Ainda atropelo as coisas, me perco entre sentimentos e razão, mas consigo me enxergar um pouco mais racional, por incrível que pareça, e sempre critiquei quem permitiu que o tempo criasse esta espécie de “casca” no coração e cá estou eu, usufruindo da proteção das primeiras camadas dela, me permitindo ficar imersa, protegida, no escuro e no silêncio que esta casca traz, nessa espécie de “útero” que a vida vai criando aos poucos e que tendemos a permanecer deitadas, encolhidinhas, aconchegadas entre lembranças doces e vergonhas, entre sonhos e cutucões da realidade, entre conquistas e frustrações.
Cada vez menos pessoas passam a cruzar essas cascas, o silêncio e a reflexão vão aumentando, a tolerância à dor tende a aumentar, o silêncio e a solidão passam a ser os melhores analgésicos, o travesseiro se torna o maior e melhor confidente e o sorriso no rosto no dia seguinte passa a ser presença obrigatória – dá uma preguiça imensa de dividir com as pessoas o que se passa aqui dentro, ficar “esticando chiclete”, revivendo e cutucando aquilo que machuca e incomoda.
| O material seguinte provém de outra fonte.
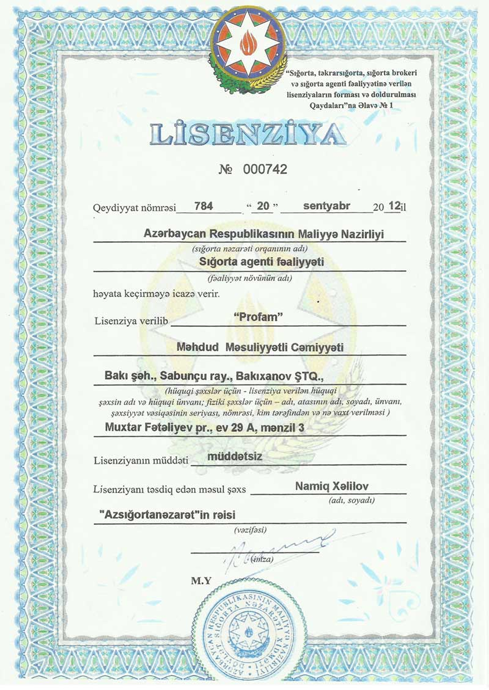 20.09.2012 tarixində şirkət sığorta agenti lisenziyası aldı!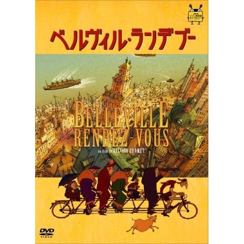 フランスのアニメーション映画「ベルヴィル・ランデブー」は2002年のシルヴァン・ショメ監督作品。自転車を巡る奇妙で奇怪な物語。自転車で疾走する爽快さやレースの駆け引きといった有りがちな要素は皆無。精緻な背景美術と極端にデ

Por ora, ainda desejo ter alguém que esteja sempre dentro dessas cascas, de mãos dadas comigo e de peito igualmente aberto, mas sinto, cada vez mais, a cada frustração, as cascas engrossando e diminuindo a possibilidade de que alguém, além das duas ou três pessoas que entram e saem quando querem, poder entrar e sair daqui.